== INPUT MATERIAL ==

_____

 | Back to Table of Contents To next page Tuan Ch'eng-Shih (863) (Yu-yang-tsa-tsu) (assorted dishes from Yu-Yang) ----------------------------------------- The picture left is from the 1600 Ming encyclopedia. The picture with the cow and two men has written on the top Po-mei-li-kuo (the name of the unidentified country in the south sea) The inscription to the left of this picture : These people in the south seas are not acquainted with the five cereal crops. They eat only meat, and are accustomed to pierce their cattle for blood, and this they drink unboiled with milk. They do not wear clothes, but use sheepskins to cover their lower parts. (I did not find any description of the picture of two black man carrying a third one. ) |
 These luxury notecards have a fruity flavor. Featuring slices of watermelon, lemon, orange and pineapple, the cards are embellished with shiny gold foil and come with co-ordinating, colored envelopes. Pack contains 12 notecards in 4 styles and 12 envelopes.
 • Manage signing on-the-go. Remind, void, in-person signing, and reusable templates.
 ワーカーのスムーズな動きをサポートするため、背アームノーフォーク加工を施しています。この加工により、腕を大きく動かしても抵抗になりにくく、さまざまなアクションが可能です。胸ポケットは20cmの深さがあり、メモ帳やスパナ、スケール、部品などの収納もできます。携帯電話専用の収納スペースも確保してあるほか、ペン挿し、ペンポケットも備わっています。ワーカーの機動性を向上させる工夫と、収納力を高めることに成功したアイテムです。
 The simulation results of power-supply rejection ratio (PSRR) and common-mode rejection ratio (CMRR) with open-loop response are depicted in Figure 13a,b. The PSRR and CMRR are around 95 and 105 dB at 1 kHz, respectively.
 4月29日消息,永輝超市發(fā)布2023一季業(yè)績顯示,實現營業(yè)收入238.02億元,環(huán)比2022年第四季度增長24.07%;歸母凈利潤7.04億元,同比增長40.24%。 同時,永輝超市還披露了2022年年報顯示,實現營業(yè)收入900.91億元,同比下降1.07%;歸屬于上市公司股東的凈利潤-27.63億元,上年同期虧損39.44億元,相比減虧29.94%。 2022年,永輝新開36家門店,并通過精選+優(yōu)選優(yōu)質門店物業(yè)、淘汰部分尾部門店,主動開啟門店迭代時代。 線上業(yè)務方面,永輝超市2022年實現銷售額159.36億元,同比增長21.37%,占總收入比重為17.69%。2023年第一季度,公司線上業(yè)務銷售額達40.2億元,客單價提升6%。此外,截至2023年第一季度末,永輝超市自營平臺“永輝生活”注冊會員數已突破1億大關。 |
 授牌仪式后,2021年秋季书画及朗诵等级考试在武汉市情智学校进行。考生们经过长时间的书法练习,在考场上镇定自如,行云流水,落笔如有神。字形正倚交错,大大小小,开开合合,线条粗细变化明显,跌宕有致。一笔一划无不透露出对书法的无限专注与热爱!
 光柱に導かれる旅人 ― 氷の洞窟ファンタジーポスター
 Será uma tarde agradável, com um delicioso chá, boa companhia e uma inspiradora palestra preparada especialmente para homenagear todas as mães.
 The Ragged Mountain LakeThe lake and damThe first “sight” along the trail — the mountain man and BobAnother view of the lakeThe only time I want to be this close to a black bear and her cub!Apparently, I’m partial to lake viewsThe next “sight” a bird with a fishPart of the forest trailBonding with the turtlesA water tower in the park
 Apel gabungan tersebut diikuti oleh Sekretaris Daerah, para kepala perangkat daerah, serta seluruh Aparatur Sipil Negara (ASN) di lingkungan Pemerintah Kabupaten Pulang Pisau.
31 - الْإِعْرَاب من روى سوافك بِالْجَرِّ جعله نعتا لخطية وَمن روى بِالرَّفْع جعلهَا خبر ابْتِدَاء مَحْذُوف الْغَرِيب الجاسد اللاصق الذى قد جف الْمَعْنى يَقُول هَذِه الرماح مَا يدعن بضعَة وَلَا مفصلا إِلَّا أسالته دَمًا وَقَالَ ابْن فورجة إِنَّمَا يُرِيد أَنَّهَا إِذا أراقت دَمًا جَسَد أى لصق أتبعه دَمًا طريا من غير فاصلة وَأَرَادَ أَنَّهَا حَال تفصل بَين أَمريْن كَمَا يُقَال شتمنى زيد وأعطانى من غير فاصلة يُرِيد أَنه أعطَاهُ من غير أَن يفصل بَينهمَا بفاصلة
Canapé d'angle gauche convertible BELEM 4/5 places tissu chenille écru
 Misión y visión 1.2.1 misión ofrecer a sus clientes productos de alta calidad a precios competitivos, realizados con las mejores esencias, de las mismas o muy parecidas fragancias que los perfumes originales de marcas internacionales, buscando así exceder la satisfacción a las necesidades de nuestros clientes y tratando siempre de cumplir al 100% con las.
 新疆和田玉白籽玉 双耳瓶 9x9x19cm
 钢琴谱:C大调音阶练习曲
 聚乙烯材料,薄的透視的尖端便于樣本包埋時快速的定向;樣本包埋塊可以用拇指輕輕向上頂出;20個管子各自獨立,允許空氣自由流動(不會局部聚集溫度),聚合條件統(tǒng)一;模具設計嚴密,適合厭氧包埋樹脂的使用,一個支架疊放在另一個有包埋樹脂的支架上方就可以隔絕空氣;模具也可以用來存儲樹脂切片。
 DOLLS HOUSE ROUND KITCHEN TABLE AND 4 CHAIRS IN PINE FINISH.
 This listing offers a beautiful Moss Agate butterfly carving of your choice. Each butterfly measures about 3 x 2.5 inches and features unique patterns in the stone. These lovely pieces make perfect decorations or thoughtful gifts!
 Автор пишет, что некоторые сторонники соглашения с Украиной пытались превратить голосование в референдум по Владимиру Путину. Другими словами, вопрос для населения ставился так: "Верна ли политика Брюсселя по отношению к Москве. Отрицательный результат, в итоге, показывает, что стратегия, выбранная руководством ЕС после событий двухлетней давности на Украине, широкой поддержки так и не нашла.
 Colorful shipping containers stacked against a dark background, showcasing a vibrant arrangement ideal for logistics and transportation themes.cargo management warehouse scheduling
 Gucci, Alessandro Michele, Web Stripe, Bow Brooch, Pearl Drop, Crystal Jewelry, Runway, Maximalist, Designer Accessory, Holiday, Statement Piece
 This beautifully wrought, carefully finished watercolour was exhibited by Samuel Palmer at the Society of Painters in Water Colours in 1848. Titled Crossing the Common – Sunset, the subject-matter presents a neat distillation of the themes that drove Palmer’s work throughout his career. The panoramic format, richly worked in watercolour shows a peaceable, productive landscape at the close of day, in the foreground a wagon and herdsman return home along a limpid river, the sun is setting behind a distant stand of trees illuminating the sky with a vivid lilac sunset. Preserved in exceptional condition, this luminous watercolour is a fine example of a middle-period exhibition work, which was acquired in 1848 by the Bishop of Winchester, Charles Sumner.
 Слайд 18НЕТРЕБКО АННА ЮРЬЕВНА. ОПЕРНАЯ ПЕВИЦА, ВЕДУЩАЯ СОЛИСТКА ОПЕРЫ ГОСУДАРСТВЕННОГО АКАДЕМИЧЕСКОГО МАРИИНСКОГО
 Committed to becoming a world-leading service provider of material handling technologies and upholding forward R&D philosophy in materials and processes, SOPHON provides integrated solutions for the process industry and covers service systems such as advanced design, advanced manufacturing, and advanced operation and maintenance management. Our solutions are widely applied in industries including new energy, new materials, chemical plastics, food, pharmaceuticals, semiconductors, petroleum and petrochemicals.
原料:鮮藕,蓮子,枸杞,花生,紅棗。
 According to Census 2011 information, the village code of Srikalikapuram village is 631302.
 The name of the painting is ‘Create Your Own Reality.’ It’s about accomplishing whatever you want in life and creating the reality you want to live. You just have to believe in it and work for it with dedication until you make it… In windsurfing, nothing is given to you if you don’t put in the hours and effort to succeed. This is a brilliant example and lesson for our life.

_____

== PROBLEM DESCRIPTION ==
An exact copy of the lines above, from the one containing "The simulation results" through the one containing "Canapé d'angle gauche", is the whole of the answer.

== ANSWER TO THIS PROBLEM ==
 The simulation results of power-supply rejection ratio (PSRR) and common-mode rejection ratio (CMRR) with open-loop response are depicted in Figure 13a,b. The PSRR and CMRR are around 95 and 105 dB at 1 kHz, respectively.
 4月29日消息,永輝超市發(fā)布2023一季業(yè)績顯示,實現營業(yè)收入238.02億元,環(huán)比2022年第四季度增長24.07%;歸母凈利潤7.04億元,同比增長40.24%。 同時,永輝超市還披露了2022年年報顯示,實現營業(yè)收入900.91億元,同比下降1.07%;歸屬于上市公司股東的凈利潤-27.63億元,上年同期虧損39.44億元,相比減虧29.94%。 2022年,永輝新開36家門店,并通過精選+優(yōu)選優(yōu)質門店物業(yè)、淘汰部分尾部門店,主動開啟門店迭代時代。 線上業(yè)務方面,永輝超市2022年實現銷售額159.36億元,同比增長21.37%,占總收入比重為17.69%。2023年第一季度,公司線上業(yè)務銷售額達40.2億元,客單價提升6%。此外,截至2023年第一季度末,永輝超市自營平臺“永輝生活”注冊會員數已突破1億大關。 |
 授牌仪式后,2021年秋季书画及朗诵等级考试在武汉市情智学校进行。考生们经过长时间的书法练习,在考场上镇定自如,行云流水,落笔如有神。字形正倚交错,大大小小,开开合合,线条粗细变化明显,跌宕有致。一笔一划无不透露出对书法的无限专注与热爱!
 光柱に導かれる旅人 ― 氷の洞窟ファンタジーポスター
 Será uma tarde agradável, com um delicioso chá, boa companhia e uma inspiradora palestra preparada especialmente para homenagear todas as mães.
 The Ragged Mountain LakeThe lake and damThe first “sight” along the trail — the mountain man and BobAnother view of the lakeThe only time I want to be this close to a black bear and her cub!Apparently, I’m partial to lake viewsThe next “sight” a bird with a fishPart of the forest trailBonding with the turtlesA water tower in the park
 Apel gabungan tersebut diikuti oleh Sekretaris Daerah, para kepala perangkat daerah, serta seluruh Aparatur Sipil Negara (ASN) di lingkungan Pemerintah Kabupaten Pulang Pisau.
31 - الْإِعْرَاب من روى سوافك بِالْجَرِّ جعله نعتا لخطية وَمن روى بِالرَّفْع جعلهَا خبر ابْتِدَاء مَحْذُوف الْغَرِيب الجاسد اللاصق الذى قد جف الْمَعْنى يَقُول هَذِه الرماح مَا يدعن بضعَة وَلَا مفصلا إِلَّا أسالته دَمًا وَقَالَ ابْن فورجة إِنَّمَا يُرِيد أَنَّهَا إِذا أراقت دَمًا جَسَد أى لصق أتبعه دَمًا طريا من غير فاصلة وَأَرَادَ أَنَّهَا حَال تفصل بَين أَمريْن كَمَا يُقَال شتمنى زيد وأعطانى من غير فاصلة يُرِيد أَنه أعطَاهُ من غير أَن يفصل بَينهمَا بفاصلة
Canapé d'angle gauche convertible BELEM 4/5 places tissu chenille écru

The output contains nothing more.